Announcements
- Makeup lecture on 4/14, Eng. IV, Shannon Room 1-3pm
- Reading: Course reader Bruinlearn
- Perception & logistic + linear regression
Last lecture
- Issue: don’t know the distribution $p(x,y)$
- Approach: Use a proxy for risk:
- $R_{emp}(h) = \dfrac{1}{N} \sum^N_{i=1} L(y_i, h(x_i))$
- Empirical Risk Min
- Intuitively, the empirical risk approaches the real risk as $N$ goes to infinity.

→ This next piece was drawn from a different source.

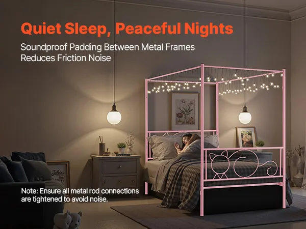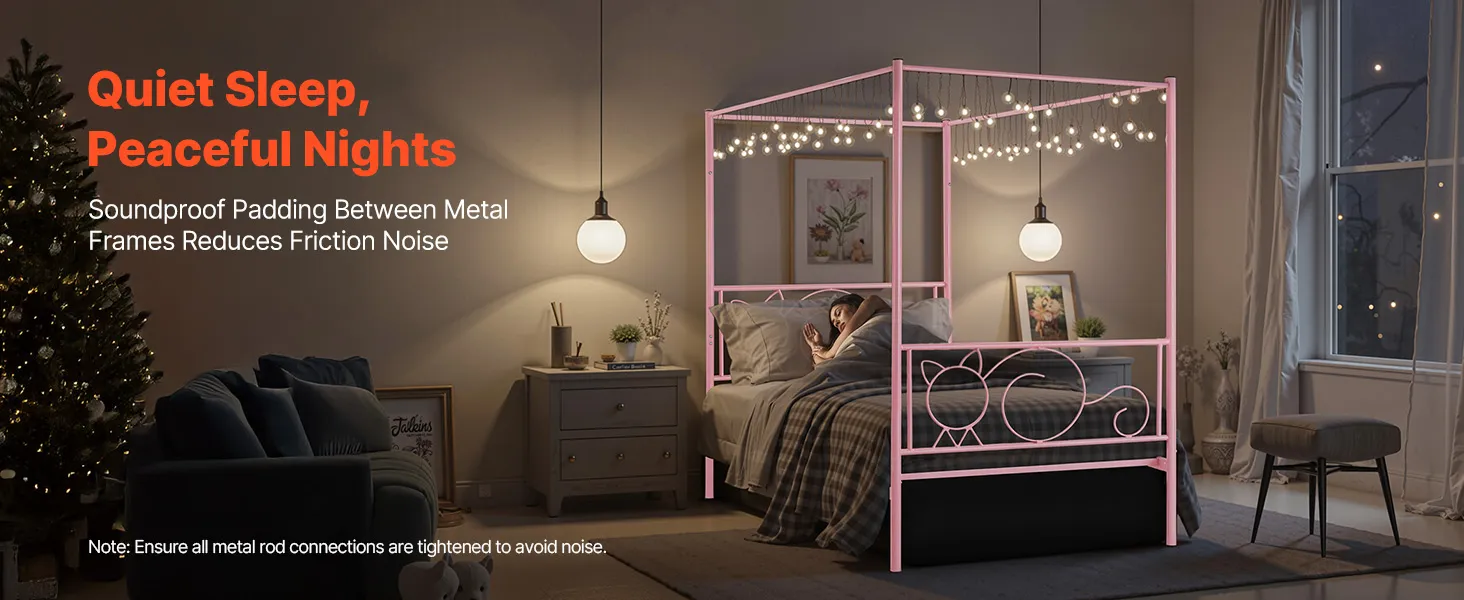 A1: Рама посилена потовщеними металевими трубами та багатоточковими з'єднаннями для підвищення стійкості. Між ключовими з'єднаннями додано шумопоглинаючі прокладки для зменшення шуму тертя. Якщо всі гвинти належним чином затягнуті під час встановлення, ліжко залишається тихим та стійким протягом усього використання.

- Empirical Risk Minimization
- $\hat h_{emp} = \mathrm{arg min}{h \in \mathcal{H}} R{emp}(h) = \mathrm{arg min}{h \in \mathcal{H}} \dfrac{1}{N} \sum^N{i=1} L(y_i, h(x_i))$
- Where $\mathcal{H}$ is the set of all functions in the hypothesis class
- The function $f(x) = y$ where the domain is the latent space and the range is the observable space
Empirical risk minimization
Supervised Learning
Aim to build a function $h(x)$ to predict the true value $y$ associated with $x$.
Example: Loss function $L(y, h(x))$ = $(y-h(x))^2$ $l_2$ norm
For classification: indicator function, logistic loss: $-y\log h(x) - (1-y)log[1-h(x)]$ (assumes $h$ is between 0 and 1)
Risk/expected loss: assume we know true $p(x,y)$. The risk is $R[h(x)] = \sum_{x,y}L(h(x),y) \cdot p(x,y)$
Claim: given an observation $x$, the optimal Bayes’ classifier is given by $h^{opt}(x) = \mathrm{arg\:max}_y p(y|x)$ (known as the maximum a-posteriori classifier)
However, this is only possible if we know the probability distribution.
Since we don’t know the underlying probability distribution, we use empirical risk/training error.